§ **PROBLEM STATEMENT**
Set the images aside and retype the whole listing exactly.

§ **SUPPLIED MATERIAL**

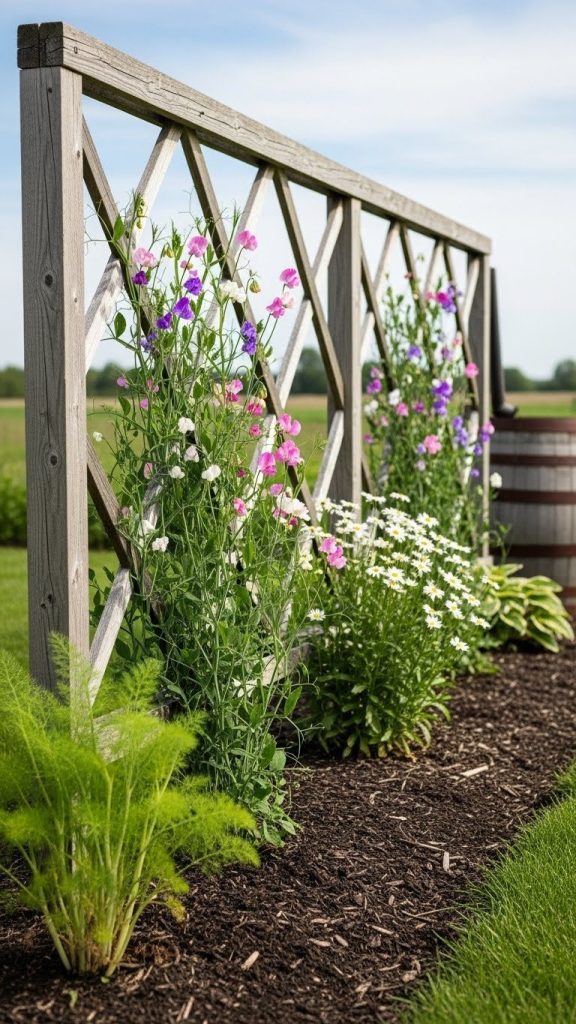 A wooden trellis is a simple upgrade that transforms a plain corner. Weathered wood adds character, while climbers like sweet peas or runner beans bring color and fragrance.
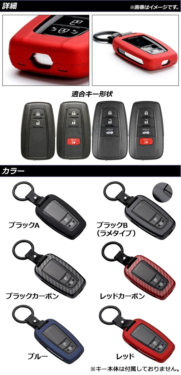 キーケース ブラックカーボン 2/3/4ボタン対応 亜鉛合金製 キーホルダー付き トヨタ 汎用 AP-AS691-BKC
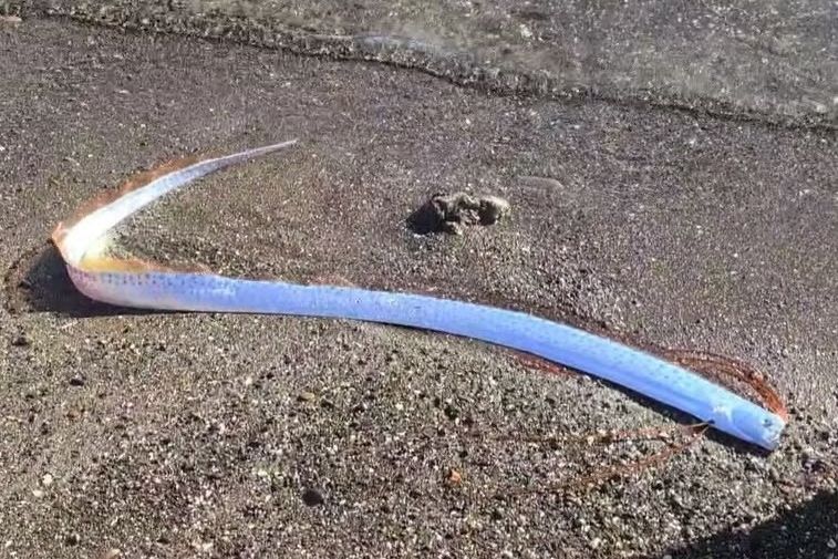 西班牙加那利群島(Canary Islands)近日發現一條俗稱「地震魚」的皇帶魚(Oarfish),銀白色身軀長著橘色半透明鰭,在海灘上瘋狂彈跳。這種罕見生物被視為與地震、海嘯等自然災害有關的「不祥之兆」,影片曝光後迅速引發熱議。

§ **RESPONSE FOR THIS EXERCISE**
 A wooden trellis is a simple upgrade that transforms a plain corner. Weathered wood adds character, while climbers like sweet peas or runner beans bring color and fragrance.
 キーケース ブラックカーボン 2/3/4ボタン対応 亜鉛合金製 キーホルダー付き トヨタ 汎用 AP-AS691-BKC
 西班牙加那利群島(Canary Islands)近日發現一條俗稱「地震魚」的皇帶魚(Oarfish),銀白色身軀長著橘色半透明鰭,在海灘上瘋狂彈跳。這種罕見生物被視為與地震、海嘯等自然災害有關的「不祥之兆」,影片曝光後迅速引發熱議。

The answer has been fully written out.